Her pictures, often swiftly painted, call the viewer’s comprehension into question, and in their personal, biographical nature at times served as a kind of diary. I was able to accompany the artist in her last years and witness the making of many of her pictures, and at times this places me in an awkward position as an interpreter, for I am subject to flashbacks and strings of associations. For that reason I am perhaps not the ideal critic. Essentially, what is dealt with in these works is something universal, a point of view, an unloading, a burst of abstraction into figuration (the direction is crucial!). The titles, not uncommonly hit upon using Surrealist methods, can play a helpful role. Charles Bally, a first-class Geneva linguist and structuralist, provides (in Le langage et la vie) a lovely image for the relationship between colloquial and written language, one that I like to relate to
Sirbiladze’s fundamental painting style: he compares written language to a layer of ice, beneath which everyday language bubbles as living water. Suddenly the ice breaks, and the water brings life and movement to the surface.

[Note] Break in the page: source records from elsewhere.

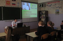 В соответствии с планом мероприятий межведомственной комплексной оперативно-профилактической операции «Дети России-2017» , сегодня в школе для учащихся 9 класса была проведена профилактическая беседа с участием медицинского работника Даниловой Г. С. , направленное на предупреждение распространения наркомании среди несовершеннолетних в общеобразовательных организациях. Учащиеся посмотрели презентацию по данной теме. В конце мероприятия Галина Селевестровна ответила на вопросы учеников.
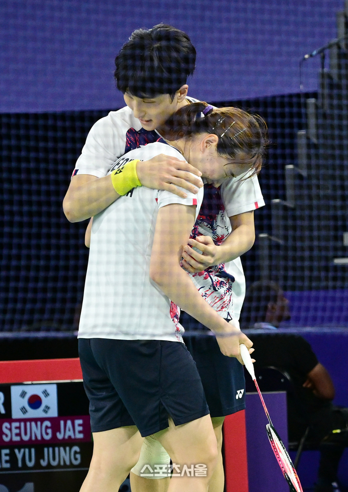 한국 배드민턴 국가대표 김원호-정나은 조가 2일(한국 시간) 프랑스 파리 포르트 드 라 샤펠 경기장에서 열린 2024 파리올림픽 혼성 복식 4강전에서 서승재-채유정 조를 꺾고 결승 진출을 확정한 뒤 함께 기뻐하고 있다. 2024. 8. 2.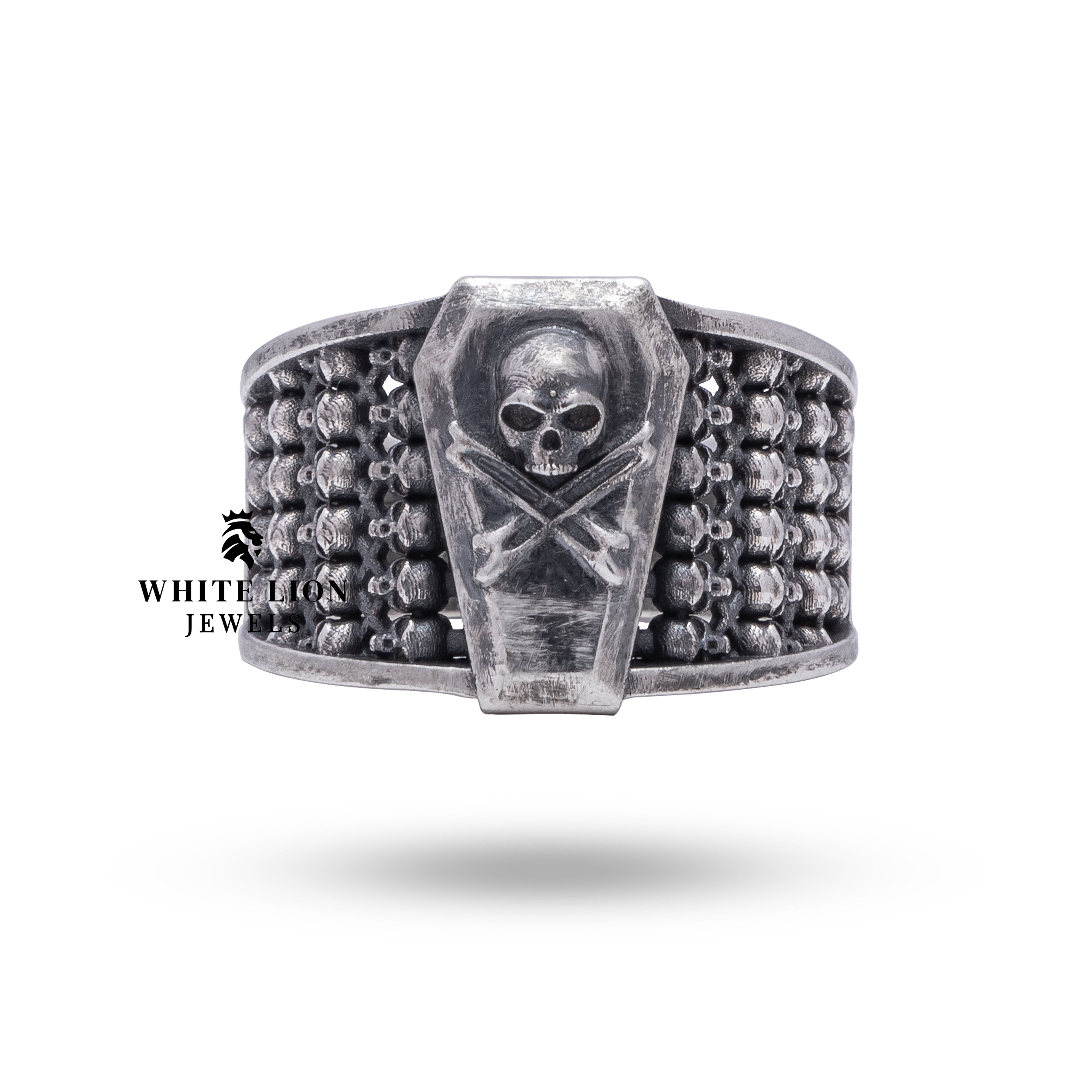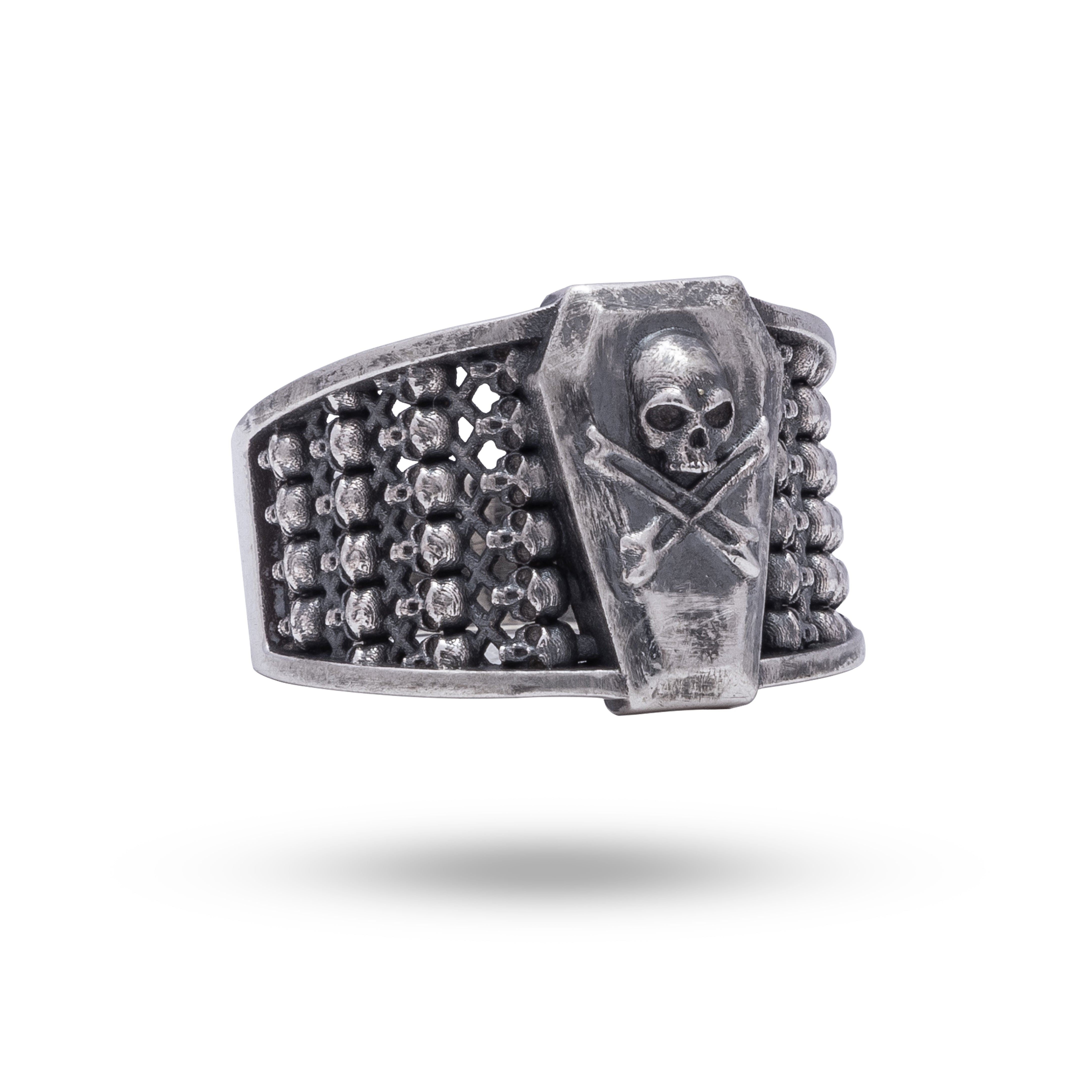 Coffin Dead Box Skulls 925 Sterling Silver Ring

For the artist’s book titles, produced by Paris’s Onestarpress, Tamuna Sirbiladze wrote the titles by hand on black-and-white reproductions of her pictures. Above the reproduction of one canvas that includes the word “Spiegel” twice—in different typography and coloring—she wrote Mirror : Error. Even though the phonetic echo manages to suggest the visual reflection partially evoked in the picture by the repeated word, what she is perhaps saying is that faithful, mirrorlike representation is itself always false, erroneous. On the reproduction of a picture that hangs in the present exhibition the name of a season appears in Tamuna’s handwriting: Autumn. The picture is limited to red tones, the lines seem to be simply flung down, the forms coincidental: two shadowy seated figures in the foreground—facing each other?—the one on the left thanks to a fortuitous blank space a delicate, if very small face in profile. And do its upper projections not resemble the ears of a lynx? In the background on the right is a standing figure—pissing?—and the tangle of lines behind or beside it could be interpreted as the suggestion of a tree. A small, perforated heart floats at the top. Are the two figures sitting next to water? Red waves? Everything read wrong, the white-blue strokes overlooked, you should have let the traces of color be traces, and simply looked.